_Exercise goal_. Please retype the listing exactly as it appears, skipping each picture.
*** Given information ***
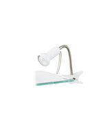 La lampe à pince FABIO de la marque EGLO a une structure en métal et polycarbonate de couleur argent. La pince vous permet de positionner la lampe selon vos besoins, tandis que le bras articulé vous permet d'orienter le diffuseur blanc vers un point d'intérêt précis. L'interrupteur marche/arrêt est inclus.
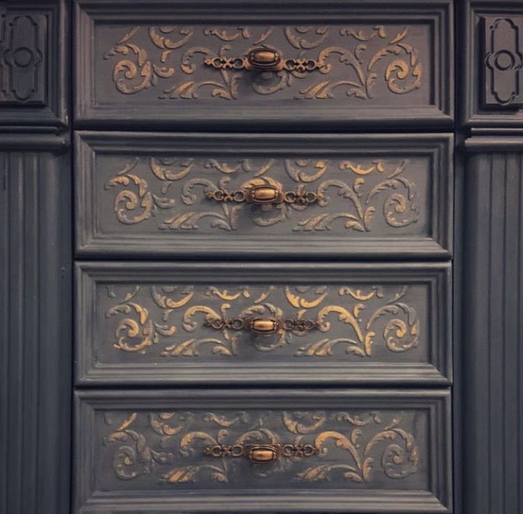 К этой раме идеально подходит роскошный фоновый трафарет "Изабелла" в классическом стиле, из фрагментов которого она собрана.
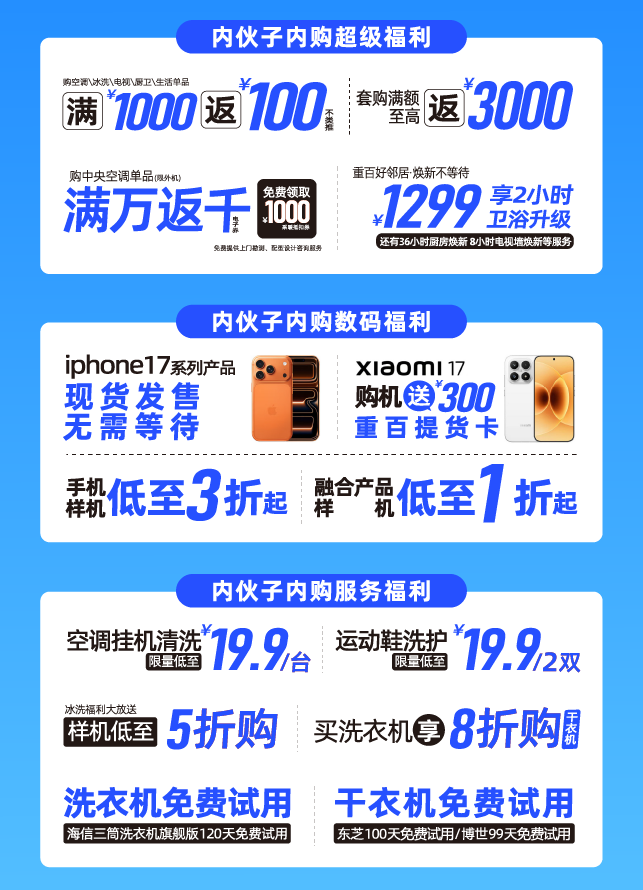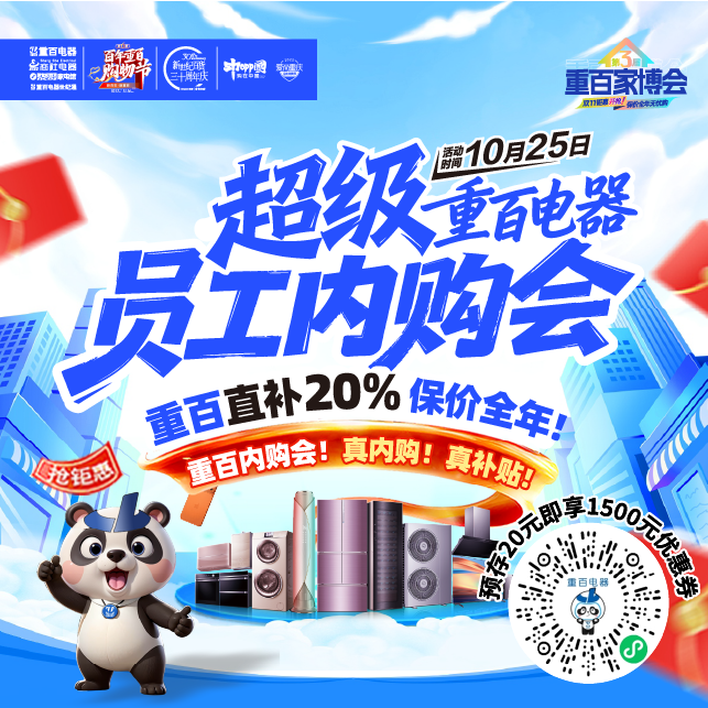 重百电器内购会直补20%万人响应 首周燃爆山城 10月25日,重百电器内购会即将开启,活动反响热烈,首周报名人数已突破万人,内购会以“直补20%,保价全年”为特色,推出多项实质性福利。消费者预存20元即可获得1500元优惠券;购买空调、冰洗、电视等单品满1000元返100元,套购满额最高返现3000元;中央空调外机享受“满万返千”优惠,并赠送价值1000元的上门勘测与设计服务,切实解决安装难题。还有冰洗样机5折购,洗衣机、干衣机支持免费试用等体验服务。 数码产品方面惊喜不断:iPhone17系列全线现货首发,实现“即看即买”;购买小米17即赠300元提货卡;手机样机低至3折,融合产品样机更享1折起特惠。服务层面展现十足诚意:空调挂机清洗、运动鞋洗护限量特惠19.9元,针对家庭局部旧改需求日益旺盛的情况,另推出1299元专享2小时卫浴升级等快速旧改焕新服务,提升居家生活品质。 重百员工内购会,不只是一场购物盛宴,更是服务与品质的双重体验。期待您的参与,共同沉浸在这场家电福利满满的内购盛会之中。
***
_Your response_.
 La lampe à pince FABIO de la marque EGLO a une structure en métal et polycarbonate de couleur argent. La pince vous permet de positionner la lampe selon vos besoins, tandis que le bras articulé vous permet d'orienter le diffuseur blanc vers un point d'intérêt précis. L'interrupteur marche/arrêt est inclus.
 К этой раме идеально подходит роскошный фоновый трафарет "Изабелла" в классическом стиле, из фрагментов которого она собрана.
 重百电器内购会直补20%万人响应 首周燃爆山城 10月25日,重百电器内购会即将开启,活动反响热烈,首周报名人数已突破万人,内购会以“直补20%,保价全年”为特色,推出多项实质性福利。消费者预存20元即可获得1500元优惠券;购买空调、冰洗、电视等单品满1000元返100元,套购满额最高返现3000元;中央空调外机享受“满万返千”优惠,并赠送价值1000元的上门勘测与设计服务,切实解决安装难题。还有冰洗样机5折购,洗衣机、干衣机支持免费试用等体验服务。 数码产品方面惊喜不断:iPhone17系列全线现货首发,实现“即看即买”;购买小米17即赠300元提货卡;手机样机低至3折,融合产品样机更享1折起特惠。服务层面展现十足诚意:空调挂机清洗、运动鞋洗护限量特惠19.9元,针对家庭局部旧改需求日益旺盛的情况,另推出1299元专享2小时卫浴升级等快速旧改焕新服务,提升居家生活品质。 重百员工内购会,不只是一场购物盛宴,更是服务与品质的双重体验。期待您的参与,共同沉浸在这场家电福利满满的内购盛会之中。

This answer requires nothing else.